The Megalomaniac Bore: software engineering

Showing posts with label software engineering. Show all posts

Wednesday, 22 January 2025

Why does XVE look so basic?

I've literally been inundated by a message about my XVE project, specifically calling out why I have the temerity to describe it as an "Engine when it looks do basic?"

My over simplification in reply being that an engine can be anything you please, the engine is simply the framework within which the content can execute.

This applies to Unreal, Unity, Godot all of them, if you have something which will load your models, compile/apply your shaders and render to the screen you have a graphics engine. If you have a threading model, memory or allocation handling, logging, input, user interface... All these module pieces form an engine.

The reason I am investing time working in my own such project is to explore those modules in which I find my experience or knowledge needing expanding, where I wish to trial alternative approaches, keep up with emergent new techniques or processes.

And of course for the content itself to explore the content creation tools; for instance I am very much a Blender beginner, and learning fast. I could not say this just three months ago.
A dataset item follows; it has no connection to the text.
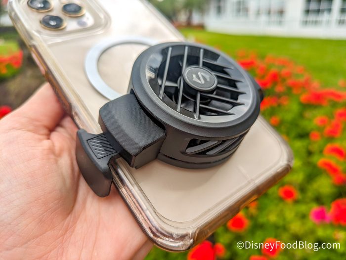 This is the Black Shark phone cooler, and it attaches right to the back of your phone. It’s about the size of any MagSafe charger that you might attach to your phone for extra battery life (also useful in the parks!). We also noticed that it’s very lightweight, which is great when you have to carry it around all day.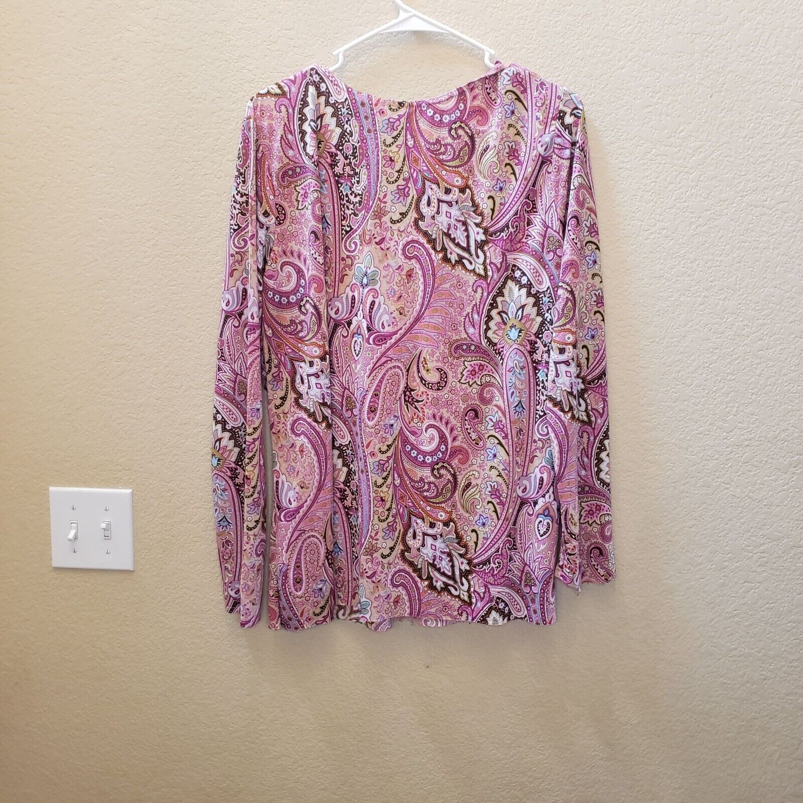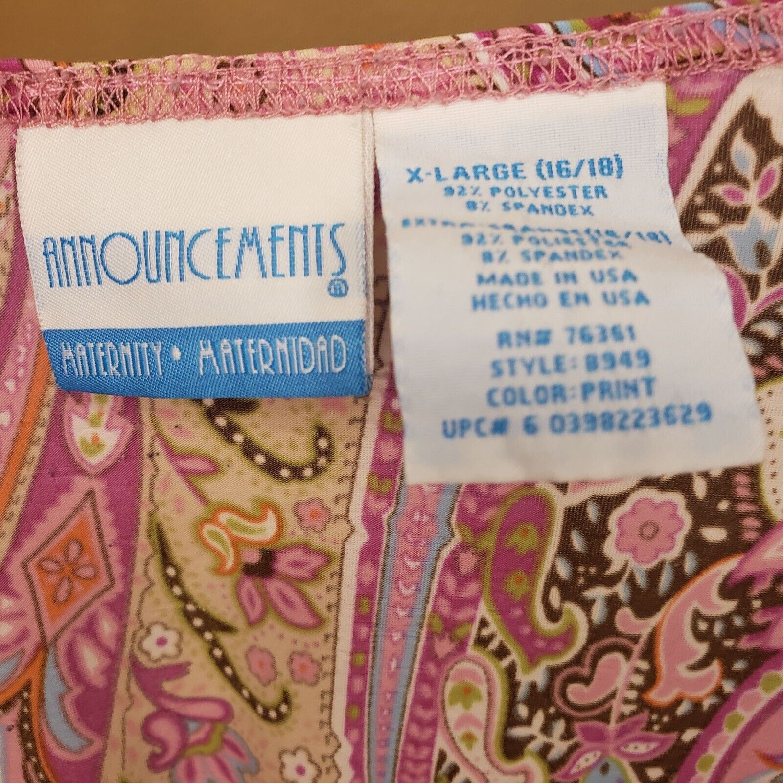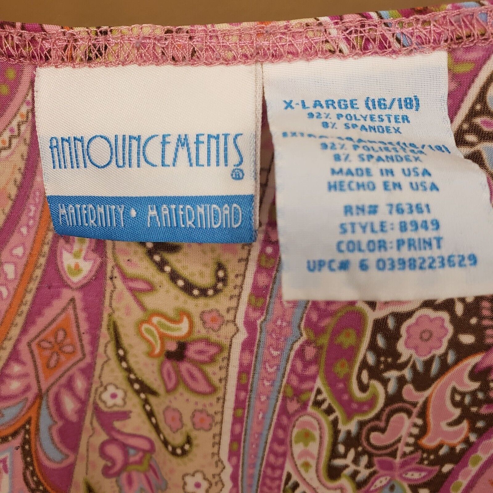 Announcements Maternity Womens Sz XL Long Sleeve Paisley Blouse Pink

The major advantage to me in performing this kind of exploratory work at home in my own time is of course that I take a confidence and an assuring confidence back to my real work, as a leader of a small team I feel I am equipped to jump into pair program and just help. I feel equipped going over a diverse or new code base; for instance recently I explored the Dagor engine used by WarThunder and the Little Vulkan Engine by Brendan Gaela.

Chronologically XVE has gone over many internal milestones, long before I began posting anything to YouTube or this blog about it, including:

CMake & Project Structure
Coding Standards
Git & Commit Hook integration for Jenkins Continuous Integration Builds
Test Framework
Module Design

Base
Renderer
Data loading

XML
CSV
Wavefront Obj
Generated type definitions (a whole generator suite written in python

Entity Component System
Threading Model

Thread pool
Anonymous Async Dispatch
Promise/Future Standard Exploration

Memory/Allocator Models

Slab Allocators
Dynamic Allocators
RPMalloc
Standard Allocator API (Custom)

Input Framework

XInput/DirectInput
SDL2 Input
SDL3 Input
GLFW Input
Custom personal exploration

And only after all this did I begin exploring actual game content and systems and component and entity relationships to represent the game design concepts.
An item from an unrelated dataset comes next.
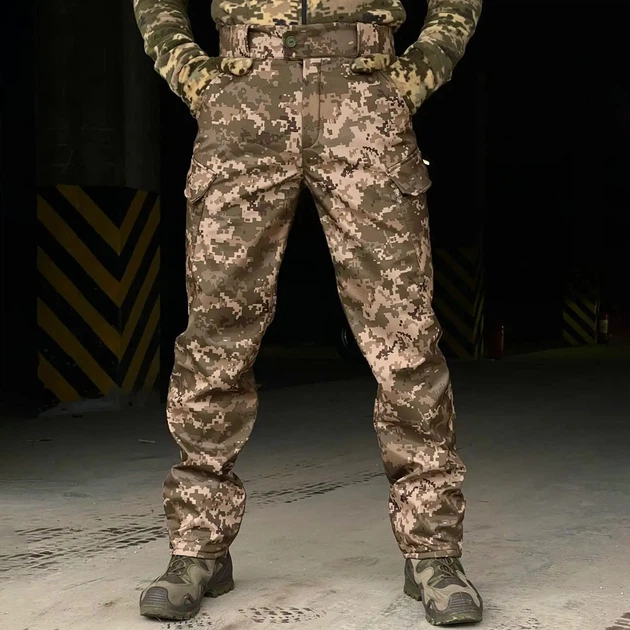 Зимові чоловічі штани Intruder Peak Softshell з 6-ма кишенями / Щільні Брюки на флісі піксель розмір L

The engine becomes a tool, a tool to achieve the delivery of the experience we want our players to experience and enjoy, so they return time & again to our game.

The game is key, and if done right the player should never know what engine or framework is being used to deliver that experience to them.

Tuesday, 9 July 2024

Code Locality & Concurrent Systems

Let us talk Software Design, let us talk about code locality. What do I mean by locality? Well, in Software Engineering we often talk about code being self documenting, a fabulous place to be if the code performing the work is right in front of you. But to be honest systems get pretty big pretty quickly. So you're very much more likely to me making calls to API's or just bunched of functions you have to blindly trust, unless you have the leisure of digging into them.

And there's usually precious little time in development which is invariably taken up with writing new code, not going over the old (unless you're very lucky - but that's a conversation for another day).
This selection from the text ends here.